I’m afraid, though, that if I try this approach, it will turn out like the Brussels sprouts debacle of my childhood. When I was little, it was very important to my mother not only that I consume produce on a regular basis, but that I eat a wide variety of differently colored vegetables. I cheerfully munched on carrots, yellow squash, cauliflower, and even beets, but I had no affinity for green stuff. I turned up my nose at broccoli, spinach, peas, green beans, zucchini, bell peppers, and asparagus. Finally, my mother said that there was one green vegetable we hadn’t yet tried, and she really hoped I liked it because my health, her happiness, and the future of our nation depended on it.
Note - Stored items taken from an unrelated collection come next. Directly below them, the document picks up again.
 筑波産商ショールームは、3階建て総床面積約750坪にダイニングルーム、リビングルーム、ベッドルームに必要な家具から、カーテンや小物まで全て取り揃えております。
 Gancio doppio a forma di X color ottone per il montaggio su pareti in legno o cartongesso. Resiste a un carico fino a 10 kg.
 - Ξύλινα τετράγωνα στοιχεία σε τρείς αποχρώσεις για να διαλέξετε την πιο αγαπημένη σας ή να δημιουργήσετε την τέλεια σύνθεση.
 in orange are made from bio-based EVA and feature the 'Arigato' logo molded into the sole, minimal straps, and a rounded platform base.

That night she presented me with a plate of Brussels sprouts. Unfortunately, those shriveled, bitter orbs were the nastiest of the lot, but I choked them down and feigned a fondness because, after all, the stakes were so very high. Thereafter, Brussels sprouts befouled our dinner table at least twice a week until I left for college. After all that exposure, did I develop a genuine liking for them? Hell no; I still think they’re tools of Satan.
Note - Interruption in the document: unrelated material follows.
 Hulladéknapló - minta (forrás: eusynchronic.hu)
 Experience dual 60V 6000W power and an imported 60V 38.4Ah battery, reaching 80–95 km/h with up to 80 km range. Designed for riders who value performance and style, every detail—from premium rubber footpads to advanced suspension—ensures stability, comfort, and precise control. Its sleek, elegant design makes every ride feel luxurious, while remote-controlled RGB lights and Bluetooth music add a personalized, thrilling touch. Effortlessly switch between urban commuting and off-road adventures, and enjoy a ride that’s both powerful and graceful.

I’m going to suck it up and do Moar Squatz. Will I become Boggle-rifically good at them? Will I turn out to be the John Lennon or Bill Gates of the squat rack? Probably not. But I hope, at least, not to hate them as much as I loathe Brussels sprouts.

Don’t forget to have fun.

Unless you know me fairly well, you probably have no idea that I can be Type A sometimes.  It’s selective; I certainly don’t try to overachieve at everything. Just check out my yard (weed field), my car (shit box), or my hair (rat’s nest) if you don’t believe me. But I can become a bit intense about things that really matter to me, and strength training has become one of those things.  Some recent signs that an obsession has cropped up:

I dream about deadlifting.  Vividly, and often.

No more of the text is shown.